** Task instructions **
Transcribe the listing below word for word but skip its images.

[Information provided Boundary: Start]

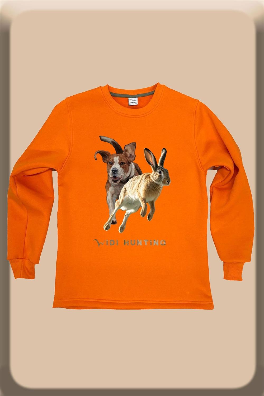 Avcılık Hunting Tavşan Avı Ve Av Köpeği Baskılı Regular Fit %100 Pamuk Bisiklet Yaka Sweatshirt - Turuncu (WİDİ661)
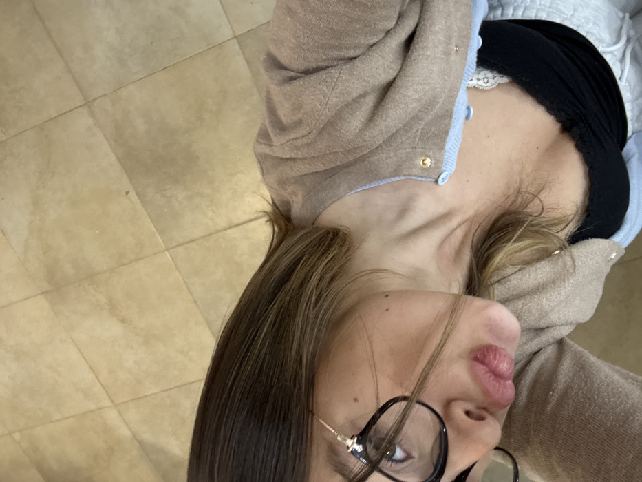 The scene captures an angled, close-up view of an individual, located in Be’er-Sheva, Israel. The subject, an adult female with light brown hair, is wearing black-framed eyeglasses with gold-accented temples and has her lips pursed towards the lower-left of the frame. Her attire consists of a partially unbuttoned light brown cardigan worn over a light blue garment, which in turn covers a black top featuring white lace trim along its upper edge. A light-colored garment is partially visible at the bottom right. The background consists of light-toned square floor tiles with dark grout lines.
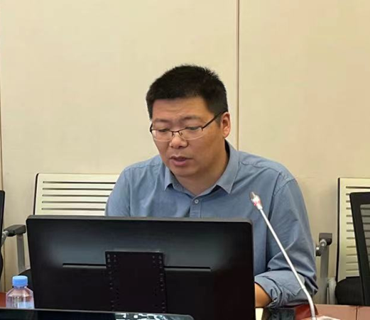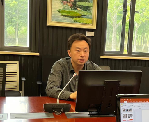 图二教学科研中心党支部书记侯豹介绍支部情况

[Information provided Boundary: End]

** Answer to the exercise **
 Avcılık Hunting Tavşan Avı Ve Av Köpeği Baskılı Regular Fit %100 Pamuk Bisiklet Yaka Sweatshirt - Turuncu (WİDİ661)
 The scene captures an angled, close-up view of an individual, located in Be’er-Sheva, Israel. The subject, an adult female with light brown hair, is wearing black-framed eyeglasses with gold-accented temples and has her lips pursed towards the lower-left of the frame. Her attire consists of a partially unbuttoned light brown cardigan worn over a light blue garment, which in turn covers a black top featuring white lace trim along its upper edge. A light-colored garment is partially visible at the bottom right. The background consists of light-toned square floor tiles with dark grout lines.
 图二教学科研中心党支部书记侯豹介绍支部情况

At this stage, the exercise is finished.